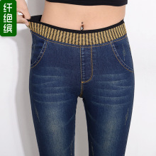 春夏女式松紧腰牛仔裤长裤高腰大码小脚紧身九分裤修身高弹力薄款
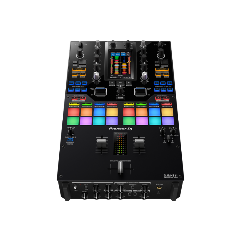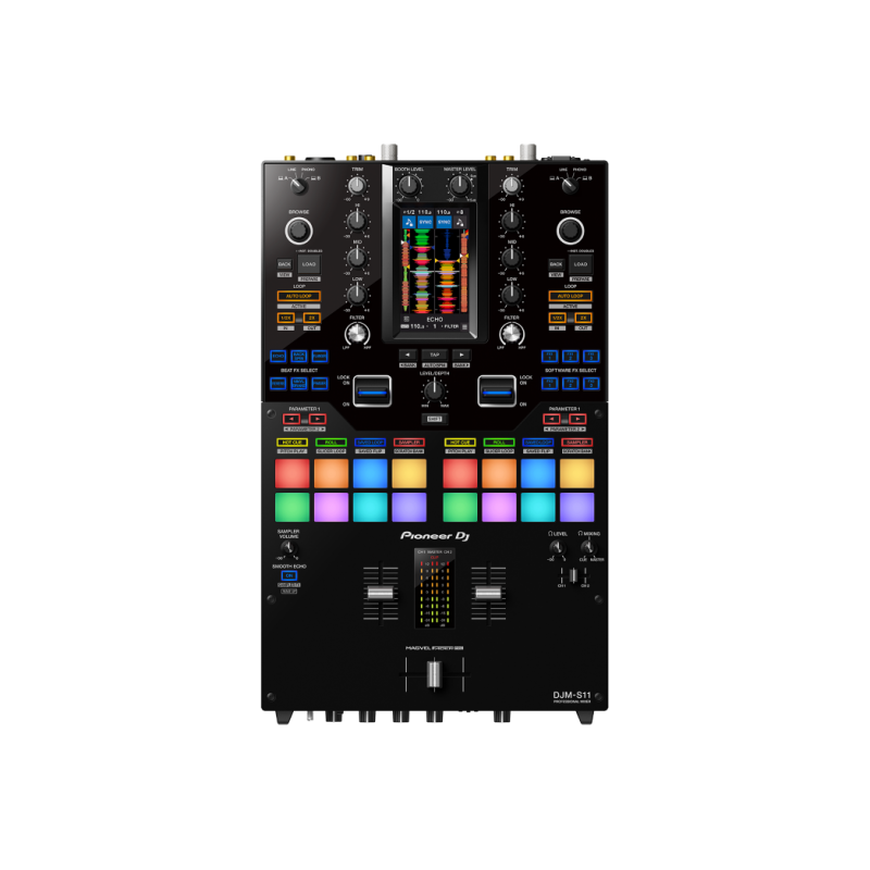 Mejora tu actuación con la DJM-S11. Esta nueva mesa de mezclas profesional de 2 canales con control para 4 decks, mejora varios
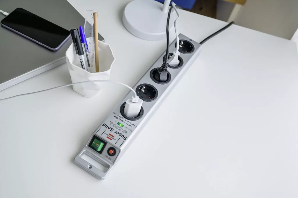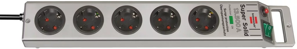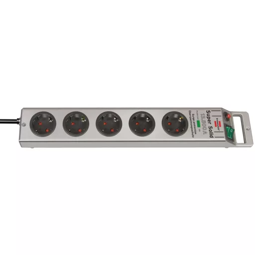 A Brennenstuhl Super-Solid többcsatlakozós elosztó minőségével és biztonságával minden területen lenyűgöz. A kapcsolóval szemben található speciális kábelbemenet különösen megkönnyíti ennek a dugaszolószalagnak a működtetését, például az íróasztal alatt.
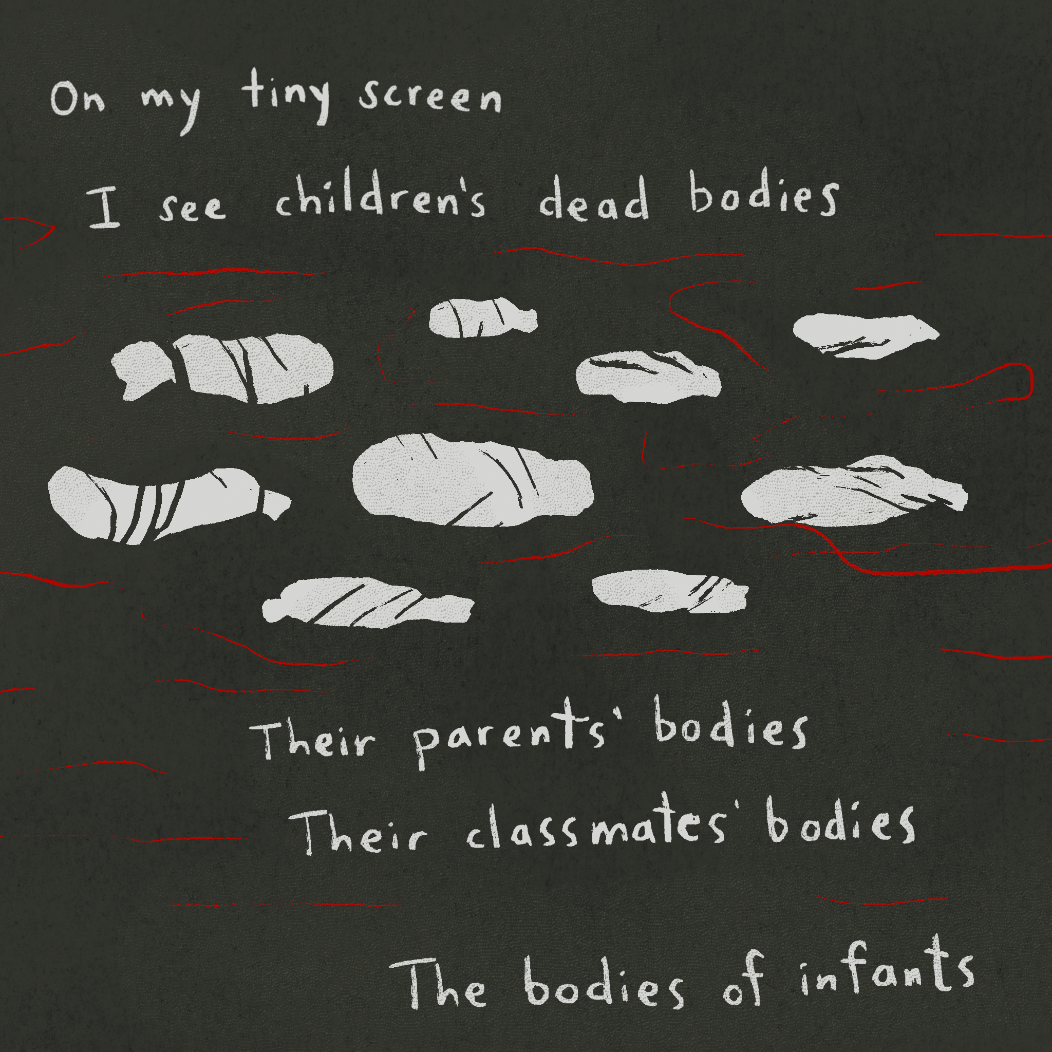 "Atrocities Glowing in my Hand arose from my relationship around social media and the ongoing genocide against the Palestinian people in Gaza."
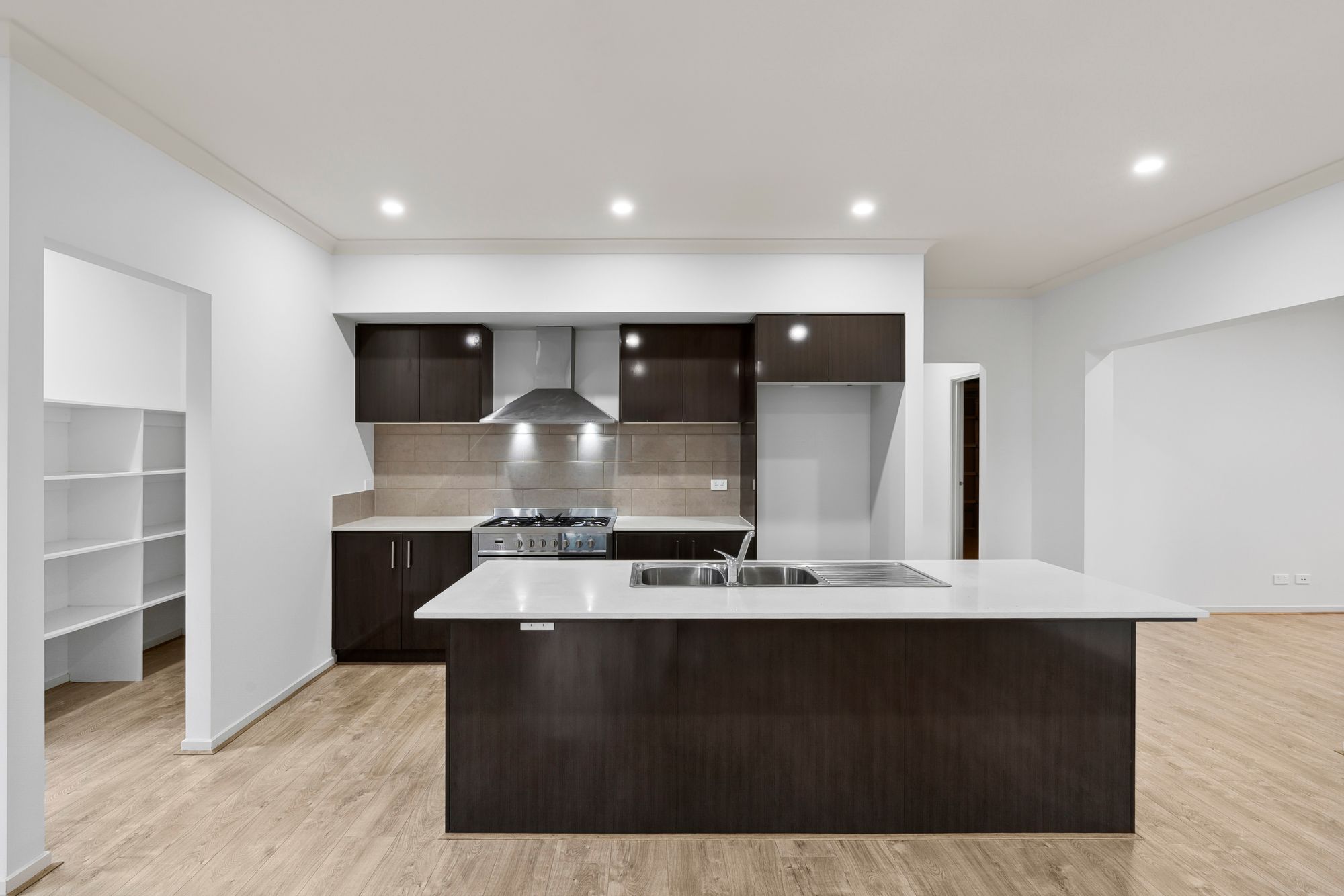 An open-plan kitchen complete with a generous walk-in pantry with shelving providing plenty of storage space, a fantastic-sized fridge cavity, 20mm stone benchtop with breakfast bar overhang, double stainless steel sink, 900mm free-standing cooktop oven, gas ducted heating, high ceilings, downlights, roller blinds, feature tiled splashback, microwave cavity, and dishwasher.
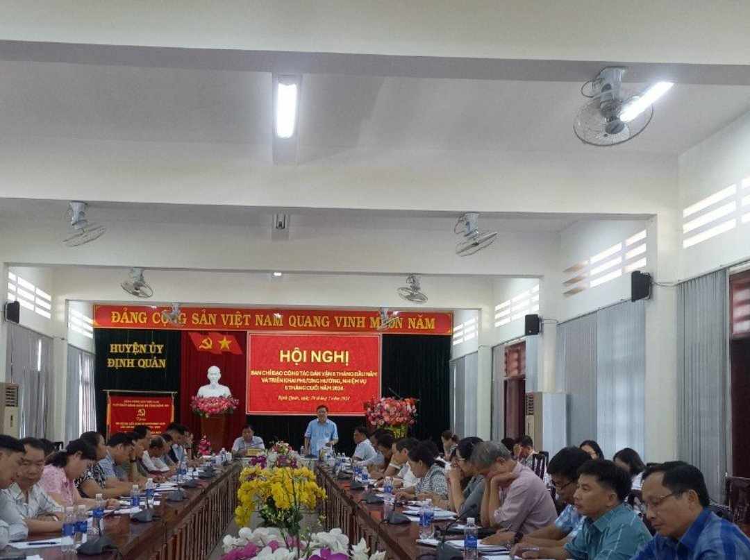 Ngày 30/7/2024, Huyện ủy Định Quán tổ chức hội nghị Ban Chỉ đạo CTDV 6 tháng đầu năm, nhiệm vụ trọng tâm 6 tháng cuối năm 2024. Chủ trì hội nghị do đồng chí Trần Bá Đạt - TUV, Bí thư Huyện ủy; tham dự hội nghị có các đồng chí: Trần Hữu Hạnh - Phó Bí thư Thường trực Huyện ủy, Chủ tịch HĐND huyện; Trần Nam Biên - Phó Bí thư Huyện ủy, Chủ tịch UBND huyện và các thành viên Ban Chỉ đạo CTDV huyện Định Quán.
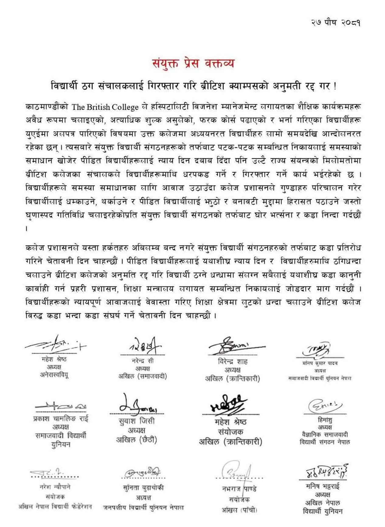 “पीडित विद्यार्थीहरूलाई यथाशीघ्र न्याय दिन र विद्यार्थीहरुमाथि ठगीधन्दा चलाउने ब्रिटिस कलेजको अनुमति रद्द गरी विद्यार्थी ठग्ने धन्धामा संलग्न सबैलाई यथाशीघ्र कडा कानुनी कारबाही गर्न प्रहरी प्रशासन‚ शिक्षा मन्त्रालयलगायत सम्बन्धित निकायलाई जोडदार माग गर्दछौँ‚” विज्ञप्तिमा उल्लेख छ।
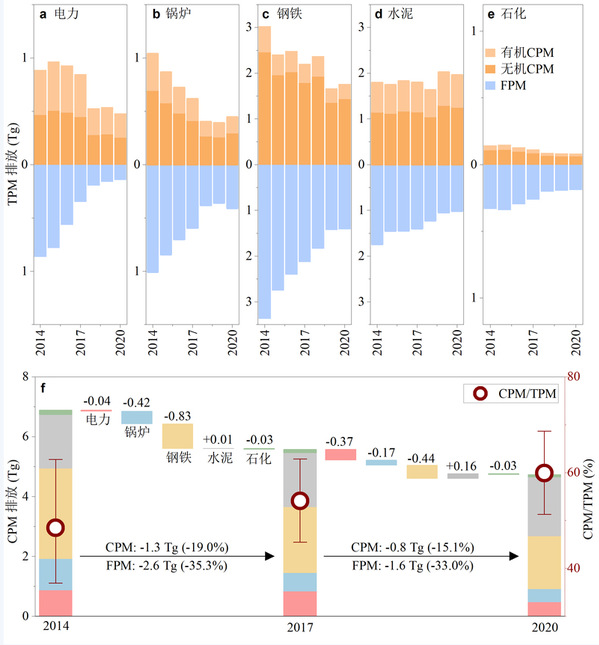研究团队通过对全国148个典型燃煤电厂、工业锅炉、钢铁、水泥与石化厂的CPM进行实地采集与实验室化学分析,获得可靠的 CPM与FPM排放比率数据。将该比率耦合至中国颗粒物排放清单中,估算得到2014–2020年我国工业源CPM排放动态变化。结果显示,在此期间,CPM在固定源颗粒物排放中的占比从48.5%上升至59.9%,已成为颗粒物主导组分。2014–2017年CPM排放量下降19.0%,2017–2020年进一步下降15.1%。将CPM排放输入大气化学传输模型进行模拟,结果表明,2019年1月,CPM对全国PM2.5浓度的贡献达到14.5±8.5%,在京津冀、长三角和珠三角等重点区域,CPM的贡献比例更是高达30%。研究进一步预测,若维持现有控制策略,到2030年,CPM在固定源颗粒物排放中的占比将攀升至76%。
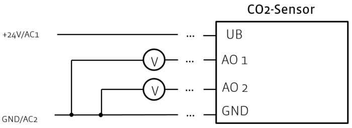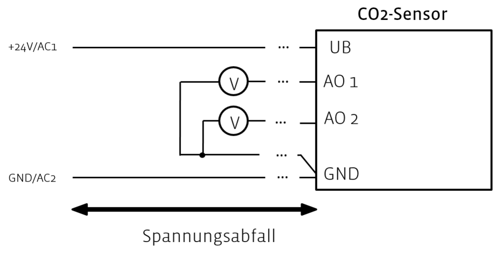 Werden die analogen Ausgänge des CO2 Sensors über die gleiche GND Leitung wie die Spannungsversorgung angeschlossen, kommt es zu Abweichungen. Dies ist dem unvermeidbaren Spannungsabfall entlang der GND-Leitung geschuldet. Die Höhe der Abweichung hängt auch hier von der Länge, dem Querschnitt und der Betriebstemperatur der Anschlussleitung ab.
================================
_Problem details_. Write out exactly the lines from the line containing "An open-plan kitchen" through the last line of the listing above, please, and leave out any pictures.

_Answer to this task_.
 An open-plan kitchen complete with a generous walk-in pantry with shelving providing plenty of storage space, a fantastic-sized fridge cavity, 20mm stone benchtop with breakfast bar overhang, double stainless steel sink, 900mm free-standing cooktop oven, gas ducted heating, high ceilings, downlights, roller blinds, feature tiled splashback, microwave cavity, and dishwasher.
 Ngày 30/7/2024, Huyện ủy Định Quán tổ chức hội nghị Ban Chỉ đạo CTDV 6 tháng đầu năm, nhiệm vụ trọng tâm 6 tháng cuối năm 2024. Chủ trì hội nghị do đồng chí Trần Bá Đạt - TUV, Bí thư Huyện ủy; tham dự hội nghị có các đồng chí: Trần Hữu Hạnh - Phó Bí thư Thường trực Huyện ủy, Chủ tịch HĐND huyện; Trần Nam Biên - Phó Bí thư Huyện ủy, Chủ tịch UBND huyện và các thành viên Ban Chỉ đạo CTDV huyện Định Quán.
 “पीडित विद्यार्थीहरूलाई यथाशीघ्र न्याय दिन र विद्यार्थीहरुमाथि ठगीधन्दा चलाउने ब्रिटिस कलेजको अनुमति रद्द गरी विद्यार्थी ठग्ने धन्धामा संलग्न सबैलाई यथाशीघ्र कडा कानुनी कारबाही गर्न प्रहरी प्रशासन‚ शिक्षा मन्त्रालयलगायत सम्बन्धित निकायलाई जोडदार माग गर्दछौँ‚” विज्ञप्तिमा उल्लेख छ।
研究团队通过对全国148个典型燃煤电厂、工业锅炉、钢铁、水泥与石化厂的CPM进行实地采集与实验室化学分析,获得可靠的 CPM与FPM排放比率数据。将该比率耦合至中国颗粒物排放清单中,估算得到2014–2020年我国工业源CPM排放动态变化。结果显示,在此期间,CPM在固定源颗粒物排放中的占比从48.5%上升至59.9%,已成为颗粒物主导组分。2014–2017年CPM排放量下降19.0%,2017–2020年进一步下降15.1%。将CPM排放输入大气化学传输模型进行模拟,结果表明,2019年1月,CPM对全国PM2.5浓度的贡献达到14.5±8.5%,在京津冀、长三角和珠三角等重点区域,CPM的贡献比例更是高达30%。研究进一步预测,若维持现有控制策略,到2030年,CPM在固定源颗粒物排放中的占比将攀升至76%。
 Werden die analogen Ausgänge des CO2 Sensors über die gleiche GND Leitung wie die Spannungsversorgung angeschlossen, kommt es zu Abweichungen. Dies ist dem unvermeidbaren Spannungsabfall entlang der GND-Leitung geschuldet. Die Höhe der Abweichung hängt auch hier von der Länge, dem Querschnitt und der Betriebstemperatur der Anschlussleitung ab.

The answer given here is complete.